> _What this task involves_: Every line below needs to be transcribed without alteration, and no image may be carried over.

[Records from a data collection]
==================================================
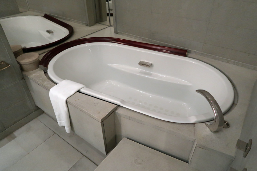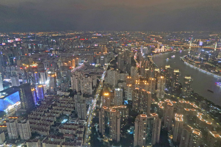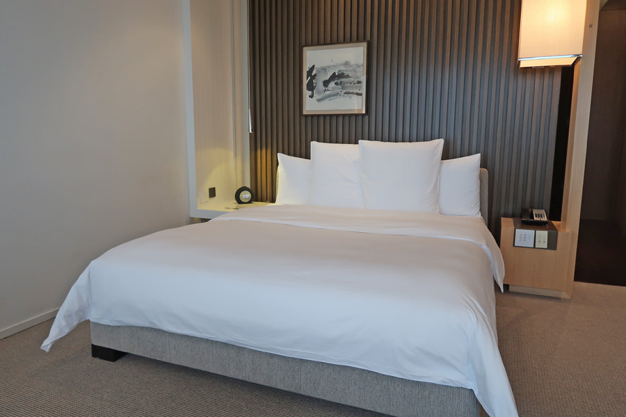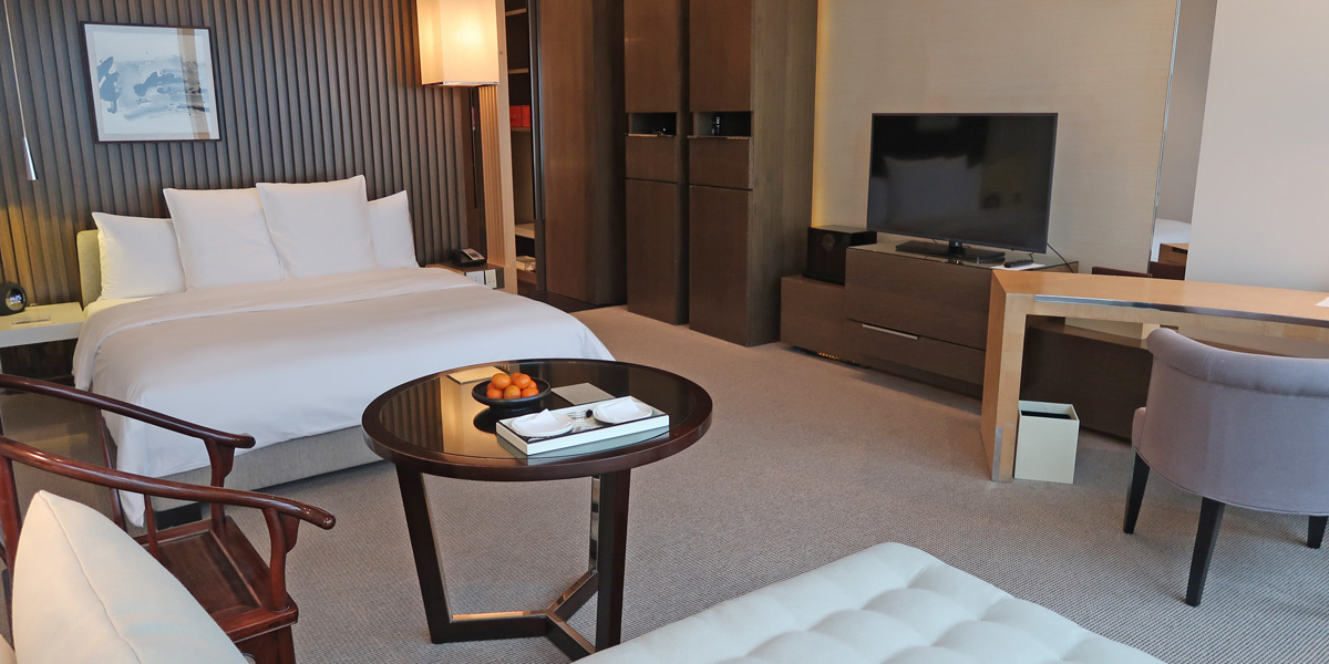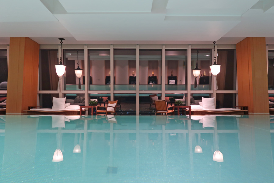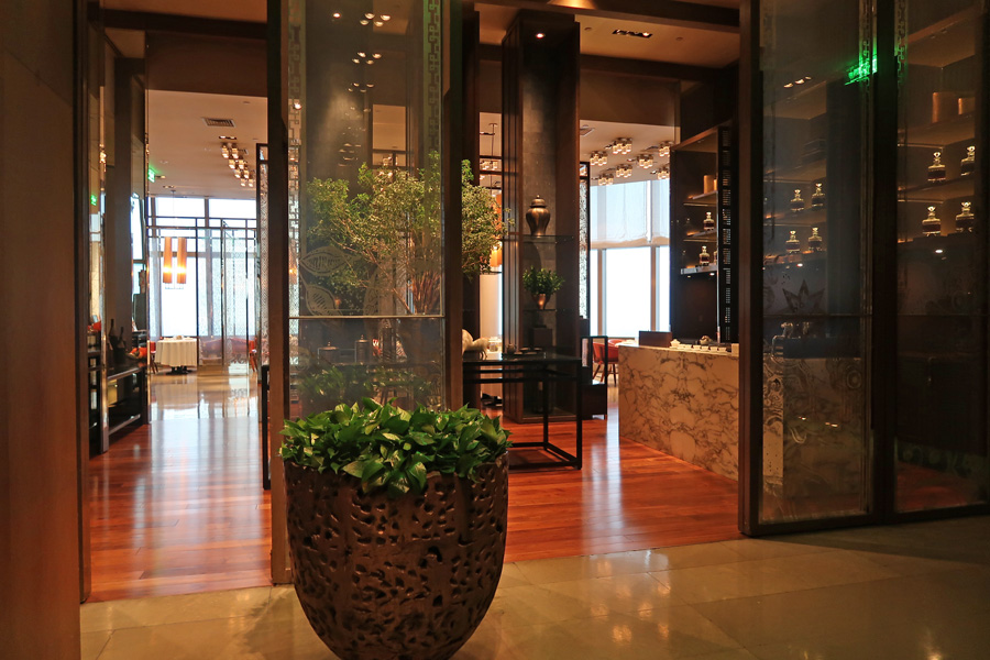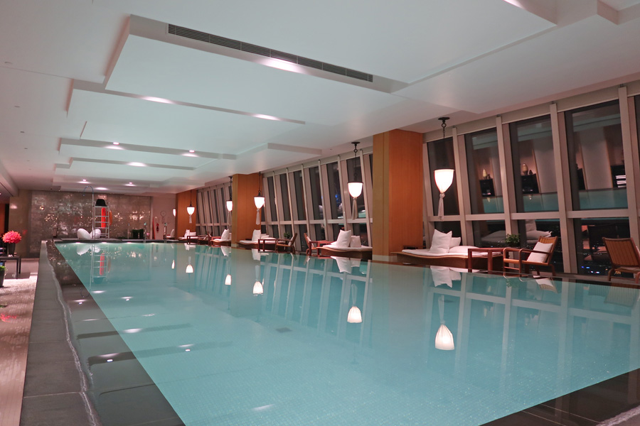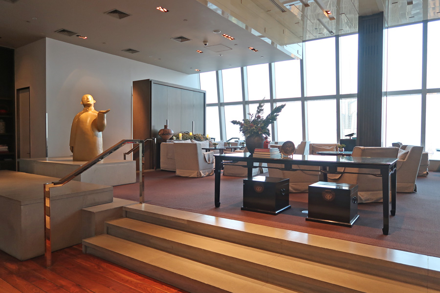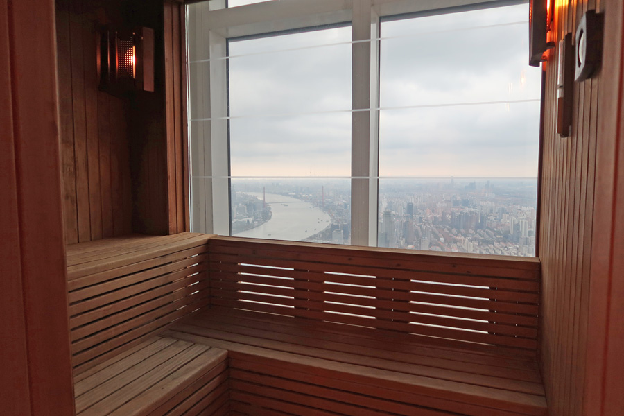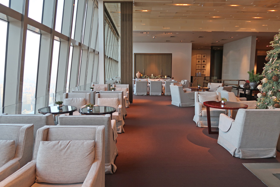 | 浦東新区の高層ビル群の中でも一際高く聳え立つ上海ワールドフィナンシャルセンターの79階〜93階部分を占有する超高層ホテル。エントランスのある1階から87階のロビーまでのエレベーターも高速なので上下移動のストレスは少ない。年始ということもありロビーラウンジや93階のダイニングは満席の状態で、特に夜は天気も回復して美しい夜景を楽しみに訪れるゲストで賑わっていた。宿泊客しか入れない85階のスパやプール、ゲストルームからも絶景のパノラマが広がり、非日常の世界に存分に浸かれた。 |
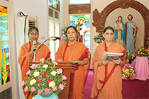 Sr. Tresa K the Provincial Superior greeted the sisters and welcomed them to be the permanent members of the Congregation of JMJ sharing everything in common. At the end of the mass the Bishop handed over the lighted candles to the two sisters wishing them to be the light of the world and finally the professed sisters entrusted themselves to the patronage of Jesus Mary Joseph by praying the prayer of Consecration to Holy Family followed by a Holy Family song.
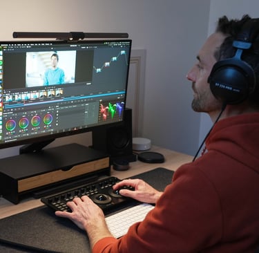 Une fois le tournage terminé commence le travail de montage. Je passe en revue toutes les images capturées pour raconter votre histoire. Chaque film est pensé comme une pièce unique, à votre image.
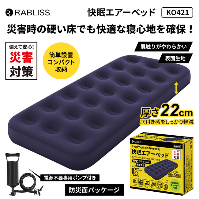 厚さ22cmのエアーベッドが、硬い床や冷えから身体を守ります。電源不要の専用ポンプで素早く膨らみ、すぐに使えます。軽量&コンパクト収納で備蓄や持ち運びに便利なエアーベッドです。
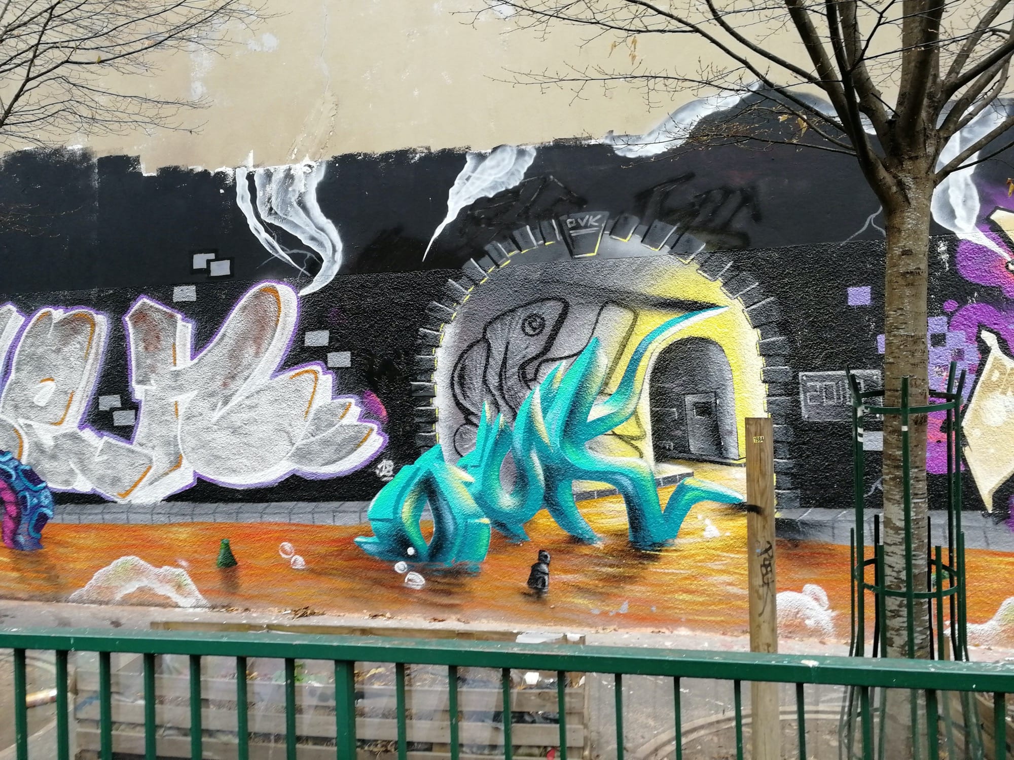 L’oeuvre est de type graffiti. Vous pouvez l’admirer dans la ville de Paris en France et plus précisément ici : 68 Rue de la Fontaine au Roi, 75011 Paris, France.
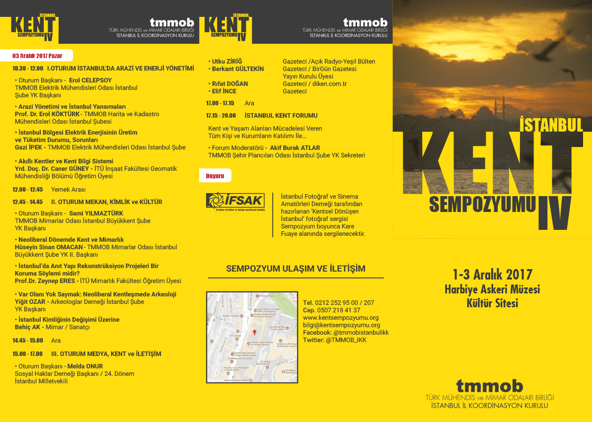 Şubemizin de bileşeni olduğu TMMOB İstanbul İl Koordinasyon Kurulu (İKK) tarafından yürütülmekte olan IV. İstanbul Kent Sempozyumu Sempozyumu 1-2-3 Aralık 2017 tarihlerinde Harbiye Askeri Müzesi'nde gerçekleşecektir.
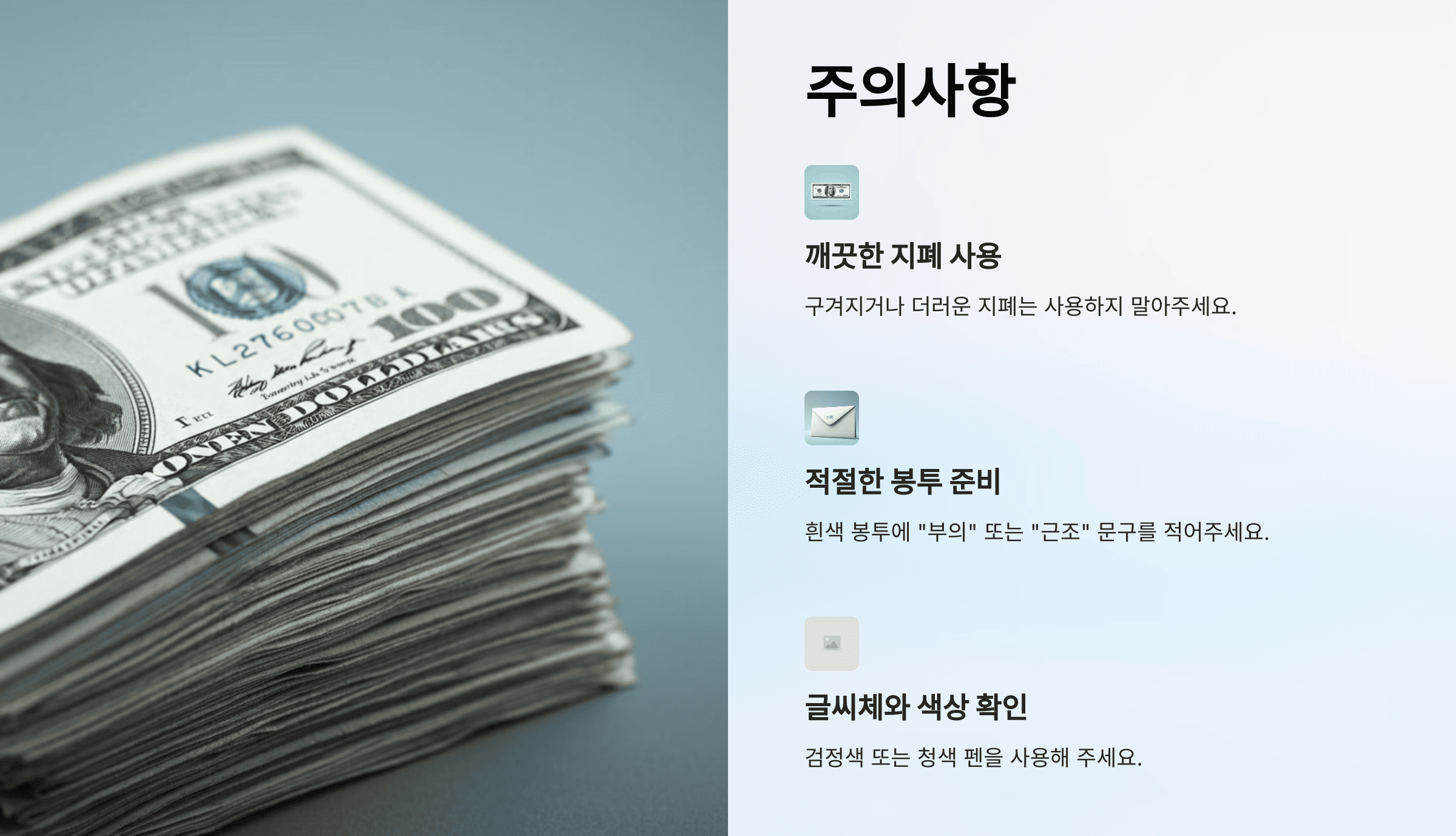 - 금액: 깨끗한 지폐를 준비합니다.
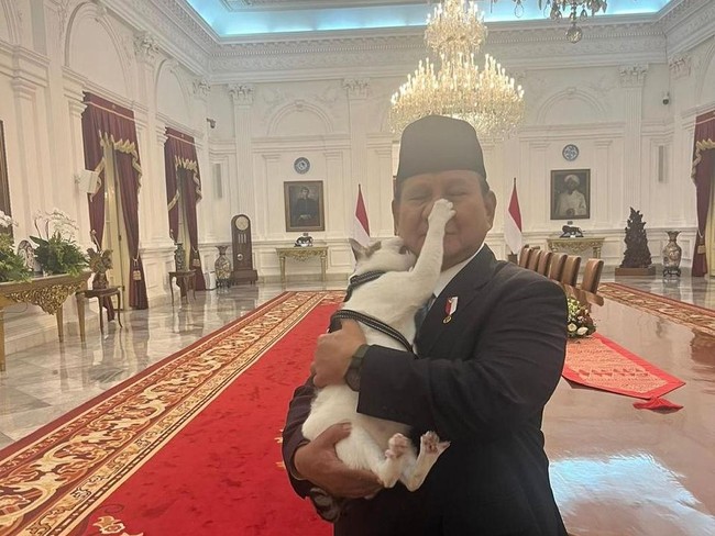 Presiden Prabowo membagikan momen lucunya bersama kucing kesayangan, Bobby Kertanegara di laman Instagramnya. Terlihat kucing gembul itu menggigit manja pipi Prabowo.
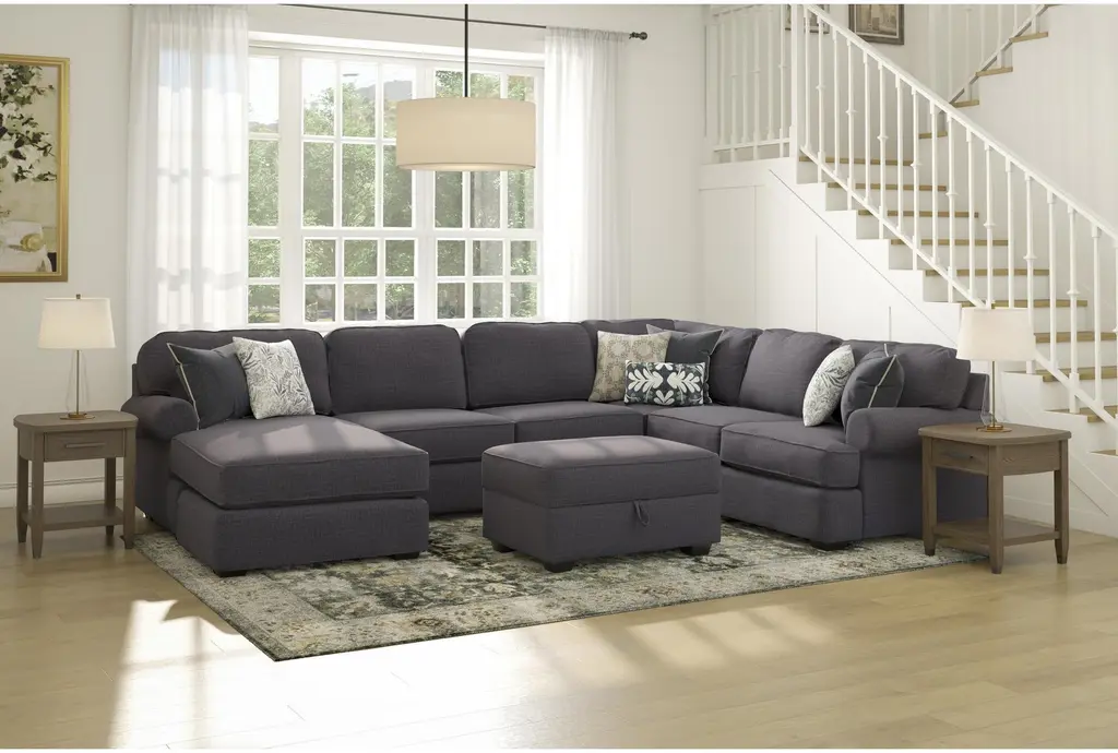 The Hampstead II Blue 140" 2 Piece Sectional with Left Arm Facing Sofa Chaise & Ottoman is a perfect addition to any living room. This casual sectional provides ample seating and features a left arm facing orientation. Enjoy the comfort and durability of its 100% polyester fabric, making it ideal for everyday use.
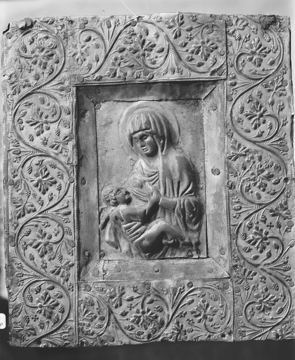 La Madonna ed il Bambino sono raffigurati all'interno di una cornice a girali desinenti in motivi fitomorfi stilizzati. Lamina di rame sbalzato su supporto ligneo
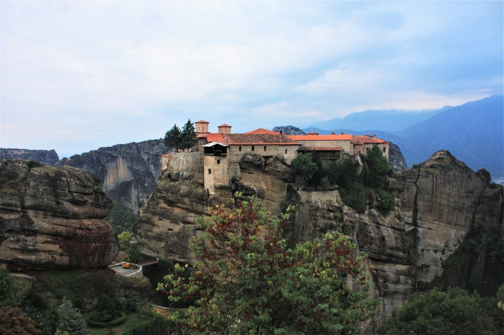 这个角度可以看到四个修道院:Roussanou (左前),St. Nicholas (左后),Varlaam (右上角)和Great Meteoron Monastery (最高处)。
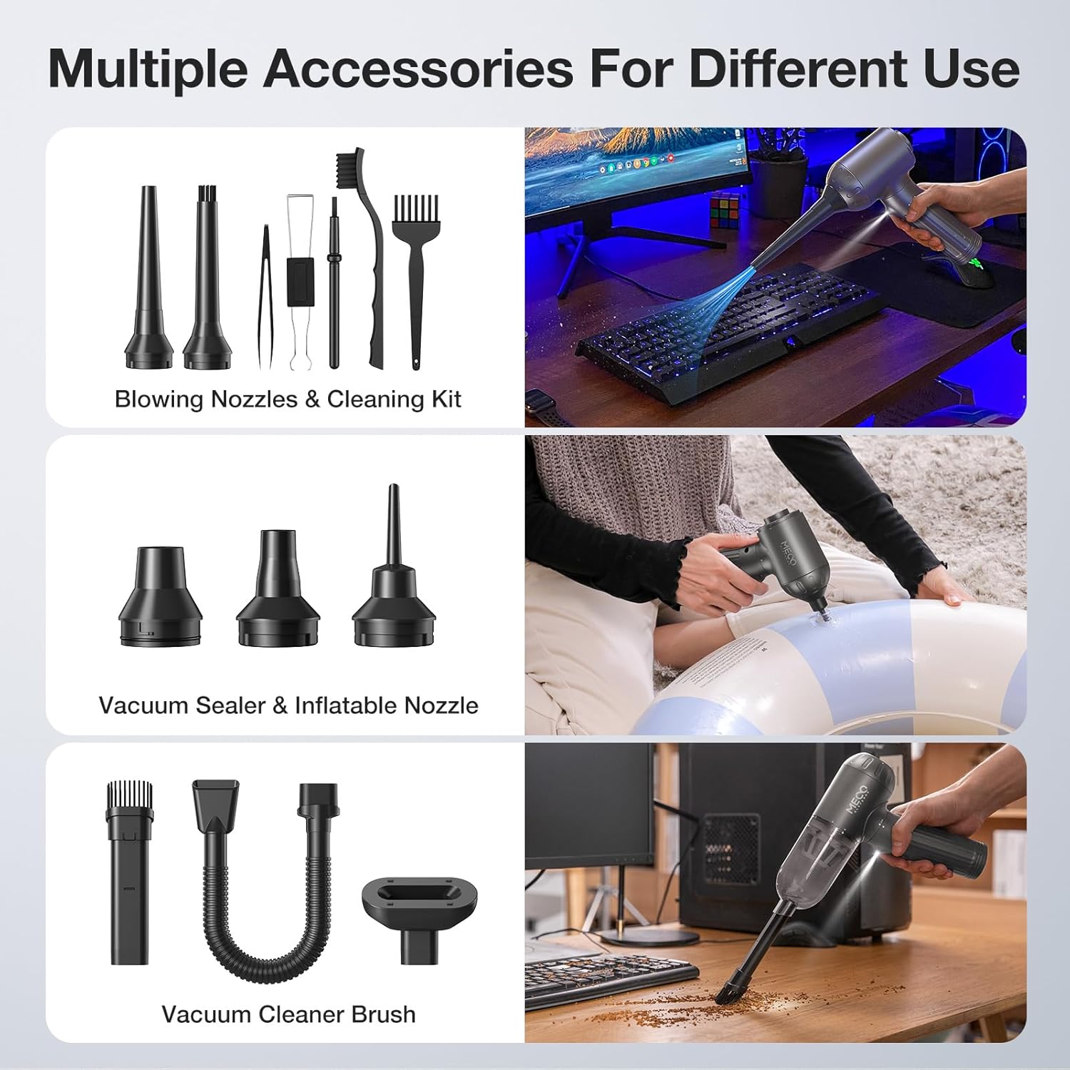 - 4in1 Design: In addition to effective vacuuming and cleaning, you can also use the compressed air duster to inflate swimming rings or air mattresses, or deflate storage bags to save space. Perfect solution to vacuuming, blowing, inflating, and pumping
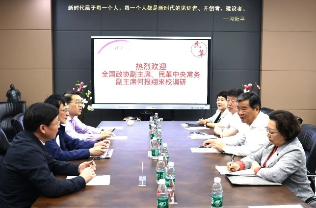 5月10日,全國(guó)政協(xié)副主席、民革中央常務(wù)副主席何報(bào)翔在京走訪民革黨員所在單位。圖為何報(bào)翔一行與清華大學(xué)方面座談。
==================================================
> _Answer section_:
 | 浦東新区の高層ビル群の中でも一際高く聳え立つ上海ワールドフィナンシャルセンターの79階〜93階部分を占有する超高層ホテル。エントランスのある1階から87階のロビーまでのエレベーターも高速なので上下移動のストレスは少ない。年始ということもありロビーラウンジや93階のダイニングは満席の状態で、特に夜は天気も回復して美しい夜景を楽しみに訪れるゲストで賑わっていた。宿泊客しか入れない85階のスパやプール、ゲストルームからも絶景のパノラマが広がり、非日常の世界に存分に浸かれた。 |
 Sr. Tresa K the Provincial Superior greeted the sisters and welcomed them to be the permanent members of the Congregation of JMJ sharing everything in common. At the end of the mass the Bishop handed over the lighted candles to the two sisters wishing them to be the light of the world and finally the professed sisters entrusted themselves to the patronage of Jesus Mary Joseph by praying the prayer of Consecration to Holy Family followed by a Holy Family song.
 Une fois le tournage terminé commence le travail de montage. Je passe en revue toutes les images capturées pour raconter votre histoire. Chaque film est pensé comme une pièce unique, à votre image.
 厚さ22cmのエアーベッドが、硬い床や冷えから身体を守ります。電源不要の専用ポンプで素早く膨らみ、すぐに使えます。軽量&コンパクト収納で備蓄や持ち運びに便利なエアーベッドです。
 L’oeuvre est de type graffiti. Vous pouvez l’admirer dans la ville de Paris en France et plus précisément ici : 68 Rue de la Fontaine au Roi, 75011 Paris, France.
 Şubemizin de bileşeni olduğu TMMOB İstanbul İl Koordinasyon Kurulu (İKK) tarafından yürütülmekte olan IV. İstanbul Kent Sempozyumu Sempozyumu 1-2-3 Aralık 2017 tarihlerinde Harbiye Askeri Müzesi'nde gerçekleşecektir.
 - 금액: 깨끗한 지폐를 준비합니다.
 Presiden Prabowo membagikan momen lucunya bersama kucing kesayangan, Bobby Kertanegara di laman Instagramnya. Terlihat kucing gembul itu menggigit manja pipi Prabowo.
 The Hampstead II Blue 140" 2 Piece Sectional with Left Arm Facing Sofa Chaise & Ottoman is a perfect addition to any living room. This casual sectional provides ample seating and features a left arm facing orientation. Enjoy the comfort and durability of its 100% polyester fabric, making it ideal for everyday use.
 La Madonna ed il Bambino sono raffigurati all'interno di una cornice a girali desinenti in motivi fitomorfi stilizzati. Lamina di rame sbalzato su supporto ligneo
 这个角度可以看到四个修道院:Roussanou (左前),St. Nicholas (左后),Varlaam (右上角)和Great Meteoron Monastery (最高处)。
 - 4in1 Design: In addition to effective vacuuming and cleaning, you can also use the compressed air duster to inflate swimming rings or air mattresses, or deflate storage bags to save space. Perfect solution to vacuuming, blowing, inflating, and pumping
 5月10日,全國(guó)政協(xié)副主席、民革中央常務(wù)副主席何報(bào)翔在京走訪民革黨員所在單位。圖為何報(bào)翔一行與清華大學(xué)方面座談。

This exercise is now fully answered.